In this blog post, I will be writing a list of interview questions on Hadoop.

### **What is Hadoop**

When big data emerged as a problem, Hadoop evolved as a Solution to big data.

Apache Hadoop is a framework that provides us with various services or tools, to store and process big data.

It helps in analyzing big data and making business decisions out of it, which cannot be done using traditional systems.

### What are the main components of Hadoop

The main components of Hadoop are  
1\. Storage( Namenode, DataNode)  
2\. Processing framework yarn (resource manager, Node Manager)

### **What are active and passive NameNodes**

In a High availability architecture, there are 2 name nodes. i.e.

1. Active “NameNode” is the “NameNode” which works and runs in the cluster.
    
2. Passive “NameNode” is a standby “NameNode”, which has similar data as the active “NameNode”.
    

When the active “NameNode” fails, the passive “NameNode” replaces the active “NameNode” in the cluster.

### **How HDFS is fault tolerant**

When data is stored over HDFS, NameNode replicates the data in the server DataNode, which has a default value of 3. If any DataNode fails Namenode automatically copies data to another DataNode to make sure data is fault tolerant.
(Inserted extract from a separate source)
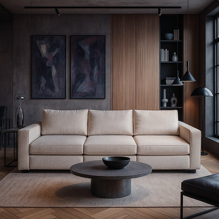 Nossos sofás são produzidos em madeira de eucalipto reflorestado, seco e imunizado, com módulos unidos por sistemas galvanizados que garantem resistência e durabilidade.

### **Why do we use Hdfs for files with large data sets but not when there are lot of small files?**

NameNode stores the metadata information regarding the file system in the RAM. Therefore, the amount of memory produces a limit to the number of files in my HDFS file system. In other words, too many files will lead to the generation of too much metadata. And, storing these metadata in the RAM will become a challenge. hence HDFS only works with large datasets instead large no.of small.

### How do you define block, and what is the default block size?

Blocks are nothing but the smallest continuous locations in hard drive where data is stored. default block size of Hadoop 1 is 64 MB and Hadoop 2 is 128 MB.

### How does NameNode tackle data node failures?

NameNode periodically receives a Heartbeat (signal) from each of the DataNode in the cluster, which implies DataNode is functioning properly.

### What is a checkpoint?

Checkpointing” is a process that takes an FsImage, edit log and compacts them into a new FsImage. Thus, instead of replaying an edit log, the NameNode can load the final in-memory state directly from the FsImage.

### Name three modes which Hadoop can run?

1. Standalone mode
    
2. Pseudo- distribution mode
    
3. Fully distributed mode